The simplest deployment path is cert-manager with a self-signed ClusterIssuer. cert-manager creates a root CA once, then issues per-workload certs with annotations on Secrets. Rotation is automatic.

graph TB
    ca["ClusterIssuer<br/>(self-signed CA)"]
    nats_cert["Certificate<br/>nats-server"]
    api_cert["Certificate<br/>api"]
    sidecar_cert["Certificate<br/>session-pods"]
    ws_cert["Certificate<br/>nats-websocket (TLS-only)"]

    ca --> nats_cert
    ca --> api_cert
    ca --> sidecar_cert
    ca --> ws_cert

The four certs:

CertificateUsed byMode
nats-serverNATS server (both :4222 and :8080)server cert
apiapi → NATS connectionclient cert
session-podssidecar → NATS connectionclient cert (per session or shared)
nats-websocketbrowser-facing WSS endpointserver cert

Whether each session gets its own client cert or all sessions share one is a tradeoff: per-session lets NATS ACLs pin a sidecar to its own subjects; shared is simpler. Per-session wins when the session pods are the trust boundary they claim to be. cert-manager handles per-pod issuance via a small controller or a CSI driver.

The dev nats.conf today:

port: 4222
http_port: 8222
websocket { port: 8080, no_tls: true }

The prod equivalent, once certs are mounted at /etc/nats/tls/:

port: 4222
http_port: 8222
tls {
cert_file: "/etc/nats/tls/server/tls.crt"
key_file: "/etc/nats/tls/server/tls.key"
ca_file: "/etc/nats/tls/ca/ca.crt"
verify: true
verify_and_map: true
}
# Derive NATS user identity from the client cert's Subject CN.
authorization {
users: [
{
user: "session-sidecar"
permissions: {
publish: { allow: ["x1.session.{{session_id}}.events"] }
subscribe: { allow: ["x1.session.{{session_id}}.input",
"x1.session.{{session_id}}.presence"] }
}
}
{
user: "x1agent-api"
permissions: {
subscribe: { allow: ["x1.session.*.events"] }
publish: { allow: ["x1.session.*.input"] }
}
}
]
}
websocket {
port: 8080
tls {
cert_file: "/etc/nats/tls/websocket/tls.crt"
key_file: "/etc/nats/tls/websocket/tls.key"
}
# Browsers authenticate with a short-lived JWT the api mints when the
# session detail page loads. The token encodes the session ids the
# viewer is allowed to subscribe to.
authorization {
auth_callout {
issuer: "x1agent-api"
auth_users: ["browser"]
}
}
}

verify_and_map: true is the important line for sidecars. NATS extracts the client cert’s CN and uses it as the authenticated user name, so the authorization.users block can grant per-subject permissions without a separate auth server. The {{session_id}} placeholder is NATS’s built-in template substitution against the cert CN.
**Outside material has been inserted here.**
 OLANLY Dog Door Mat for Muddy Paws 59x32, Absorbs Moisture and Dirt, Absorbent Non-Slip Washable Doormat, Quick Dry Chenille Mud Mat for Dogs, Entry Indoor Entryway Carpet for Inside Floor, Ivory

Rust-side, async_nats::connect(url) becomes:

let tls = async_nats::ConnectOptions::new()
.add_root_certificates(Path::new("/etc/nats/tls/ca/ca.crt"))
.add_client_certificate(
Path::new("/etc/nats/tls/client/tls.crt"),
Path::new("/etc/nats/tls/client/tls.key"),
)
.require_tls(true);
let nc = tls.connect(url).await?;

Env-gated on NATS_TLS=true. When unset, fall back to the existing plaintext connect so OrbStack dev still works.
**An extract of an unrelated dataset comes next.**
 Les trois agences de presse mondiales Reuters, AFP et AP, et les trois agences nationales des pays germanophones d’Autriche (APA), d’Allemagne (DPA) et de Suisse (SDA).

The nats npm client takes tls options:

const nc = await connect({
servers: natsUrl,
tls: {
ca: readFileSync("/etc/nats/tls/ca/ca.crt"),
cert: readFileSync("/etc/nats/tls/client/tls.crt"),
key: readFileSync("/etc/nats/tls/client/tls.key"),
},
});

Same env gate (NATS_TLS=true).

Browsers can’t present client certs. The session detail page asks the api for a short-lived NATS JWT scoped to the sessions the user is a member of, then connects with it:

const { nats_jwt } = await apiFetch("/api/nats/token", { method: "POST" });
const nc = await connect({
servers: "wss://nats.example.com",
token: nats_jwt,
});

The api’s /api/nats/token mints a JWT with the user’s session ids in the sub claim set. NATS’s auth_callout callback verifies the JWT signature and maps the session ids into subject-level permissions for that connection.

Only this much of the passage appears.